The present study is the first to show vildagliptin-mediated changes in serum fatty acid profiles in human or animals. Vildagliptin, but not liraglutide, elevated serum concentrations of EPA and DHA after 3 months of administration. The effects of vildagliptin on fatty acid profiles were independent of its effects on glycemic control (Table S2), insulin sensitivity, and cardiovascular markers. The molecular mechanisms underlying the vildagliptin-mediated effects on fatty acid levels and insulin secretion should be pursued in future studies. In contrast to a previous report26, baseline levels of DHA, but not EPA, predicted the vildagliptin-mediated improvement in glycemic control (Table S2). This finding might be relevant to the observation that GLP-1 secretion was induced by ω-3 polyunsaturated fatty acid (PUFA) administration in basic studies27,28. In addition, G protein-coupled receptor (GPR) 120 functions as a receptor for unstructured long-chain fatty acids, and stimulation of GPR 120 with DHA promotes GLP-1 secretion in vitro27. Furthermore, intracolonic administration of DHA stimulates GLP-1 secretion in vivo28.

Quality of life, assessed using the DTSQ, was not impaired in either group after switching from sitagliptin, despite the fact that liraglutide was given by injection and vildagliptin should be taken twice a day. In addition, the change in quality of life did not differ significantly between the two treatment groups. This result is surprising, because it suggests that switching from a once-daily oral agent to either an injected agent or a twice-daily oral agent did not worsen the patients' quality of life. We speculate that increased treatment satisfaction was associated with improved clinical outcomes in the present study, as suggested previously29.

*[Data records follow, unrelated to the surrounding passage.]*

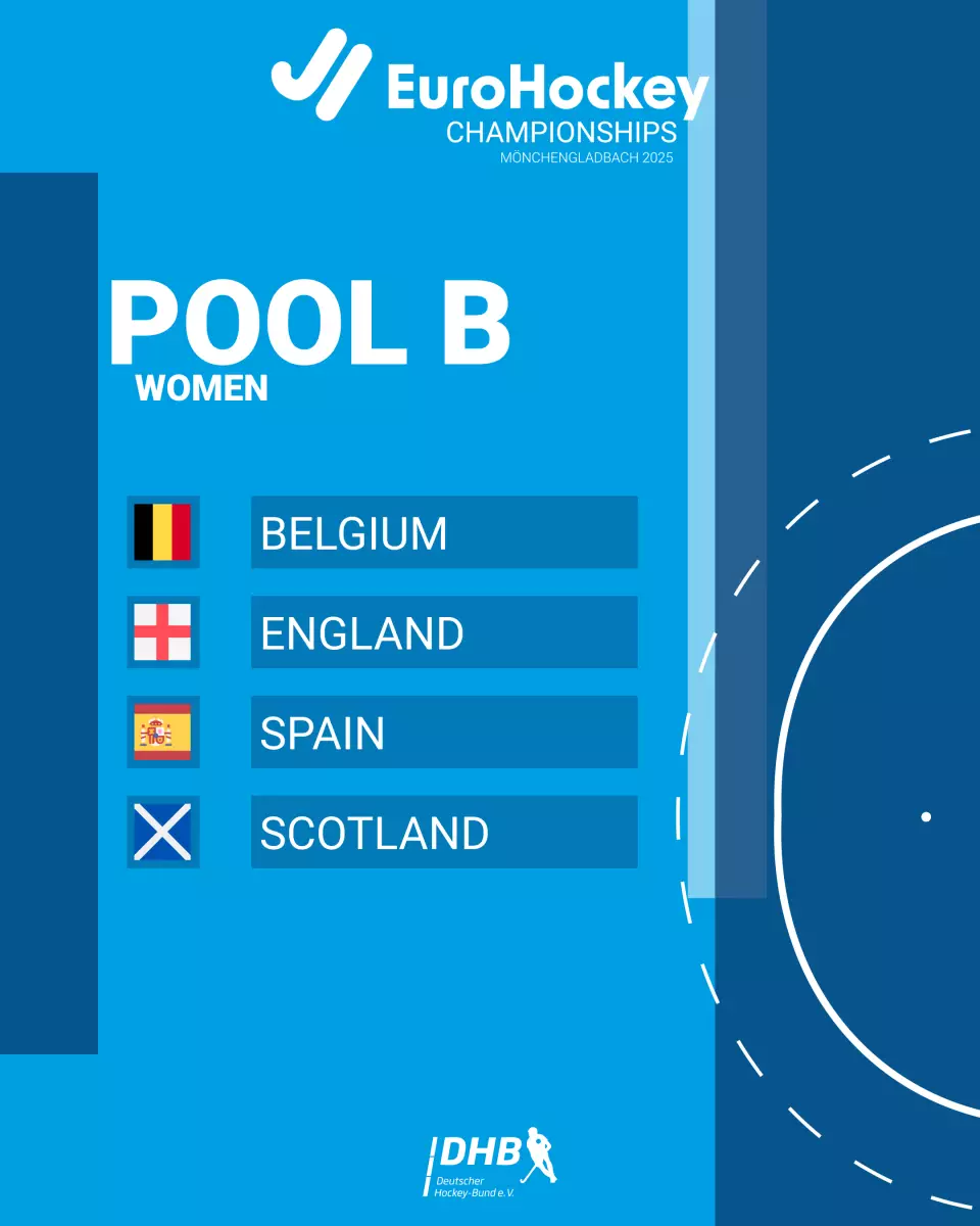 Auch die Gruppe B der Damen bei der EuroHockey Championships 2025 in Mönchengladbach hat es in sich. Der Olympia-Vierte Belgien geht als Favorit in die Gruppe. England, der Vierte der letzten Europameisterschaft 2023, wird sicherlich einen Halbfinalplatz für sich beanspruchen wollen. Aber auch die Spanierinnen, die bei den Olympischen Spielen in Paris das Viertelfinale erreichten, werden alles für eine Halbfinalteilnahme geben. Schottland wird in der Gruppe B die Rolle des Außenseiters einnehmen. Sie beendeten die EuroHockey Championships 2023 auf dem vorletzten Platz. Die Schottinnen qualifizierten sich im August durch einen Sieg im Qualifier-Turnier in Glasgow für die EM in Mönchengladbach.
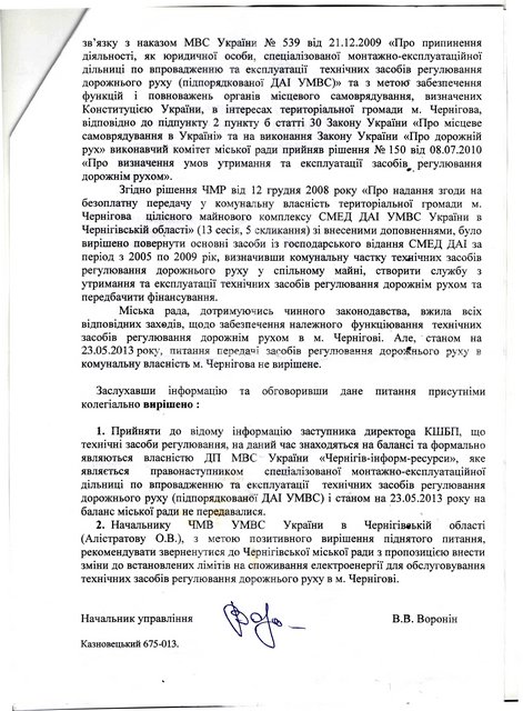 В ЖКХ города утверждают, что они работают над передачей светофоров вплотную. Здесь пообещали разобраться с лимитами на электроэнергию и рациональностью раннего выключения светофоров. Заместитель начальника производственно-технического отдела Плейко Наталия 22 ноября 2013 г. сообщила нашему сайту, что вопрос со светофорами пока не выносился на комиссию, так как комиссия с периода нашего обращения еще не заседала. По словам Наталии Викторовны, управление ЖКХ дважды направляло письменный запрос в управление транспорта и связи черниговского городского совета относительно нашего обращения. По ее словам, к документу прилагалась информация из ГАИ, относительно количества аварий на перекрестках. По непонятным причинам такой запрос писали дважды: первое письмо по ее утверждению не дошло, повторное было отправлено 15.10.2013 г. Результата нет и по сегодняшний день.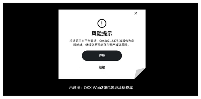 1)黑地址标签库:OKX Web3钱包建立了丰富的黑地址标签库,防止用户与已知的恶意地址进行交互。该标签库持续更新,以应对不断变化的安全威胁,确保用户资产的安全。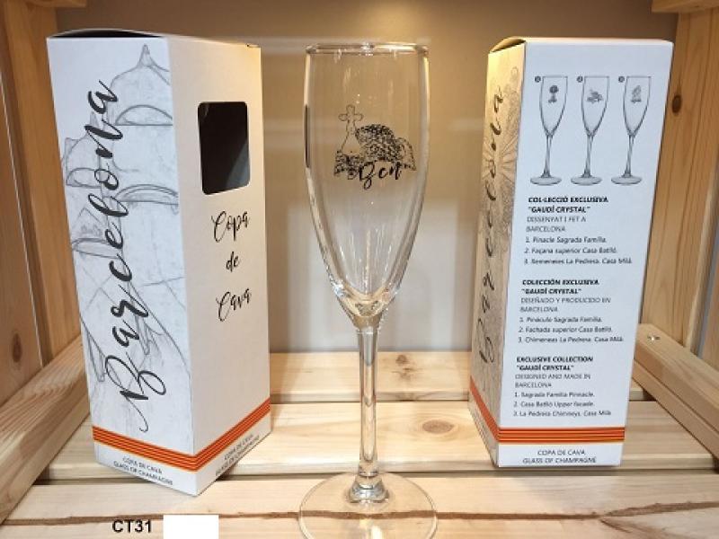 08/10/2021 80% de dto sobre el precio habitual.Copa de cava de cristal con serigrafía modernista de la Sagrada Familia, la Pedrera o la Casa Batlló.Caja de regalo no incluida.PRECIO POR UNIDAD: 1,90 €.Stock: 400 u.Etiquetas: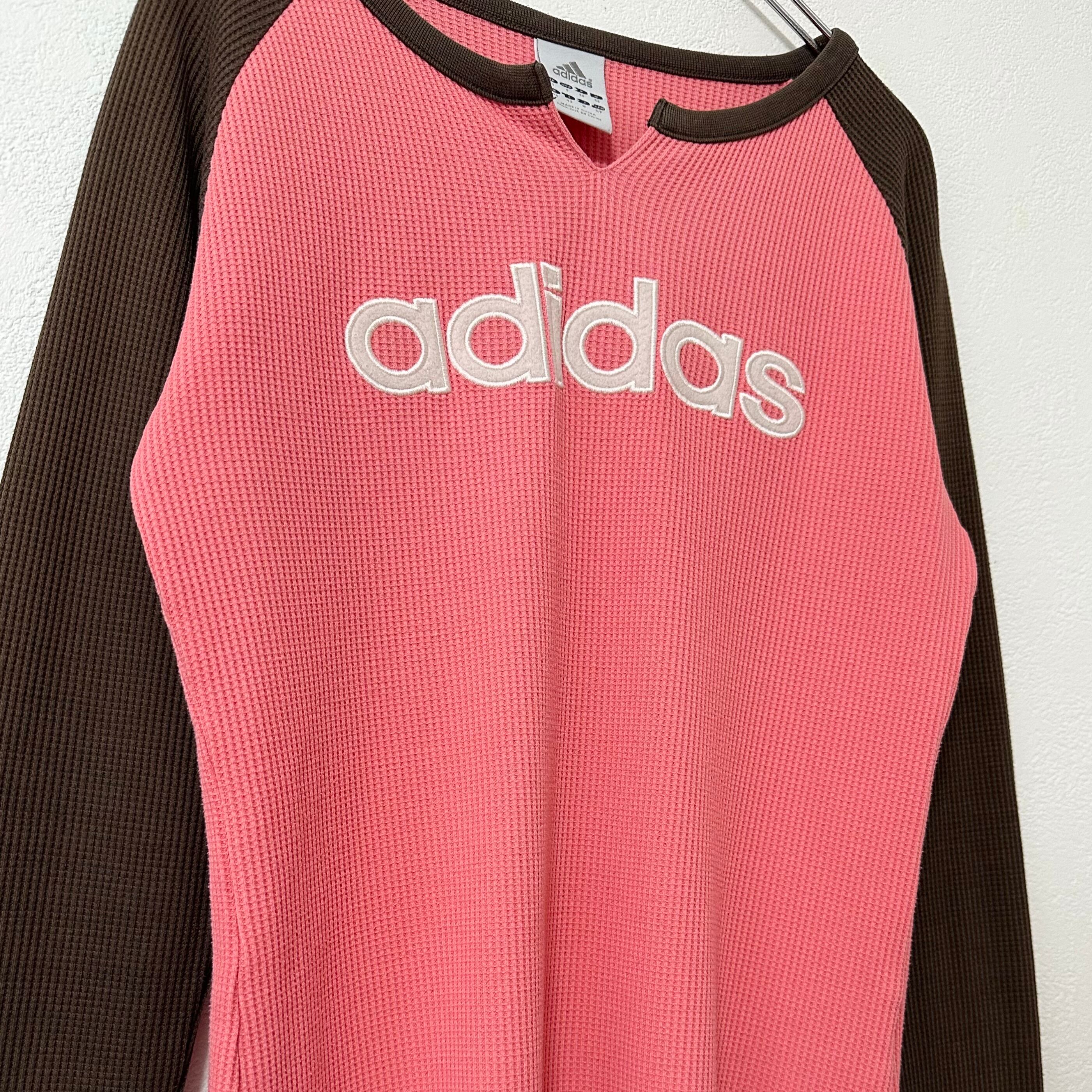 美品★00s★adidas/アディダス★ワッフル/ラグラン★長袖Tシャツ★ピンク×茶★M

Overall, both liraglutide and vildagliptin were well tolerated. Most of the adverse experiences were mild, and no serious adverse events, such as pancreatitis, which was reported in the liraglutide LEAD studies17,30–32, occurred in the present study.

In summary, vildagliptin-mediated improvements in glycemic control did not correlate with indices for insulin secretion and insulin sensitivity. Switching from sitagliptin to liraglutide is useful in managing hyperglycemia and weight. Each agent exerts unique pleiotropic effects on lipid profile, adiponectin level and fatty acid composition.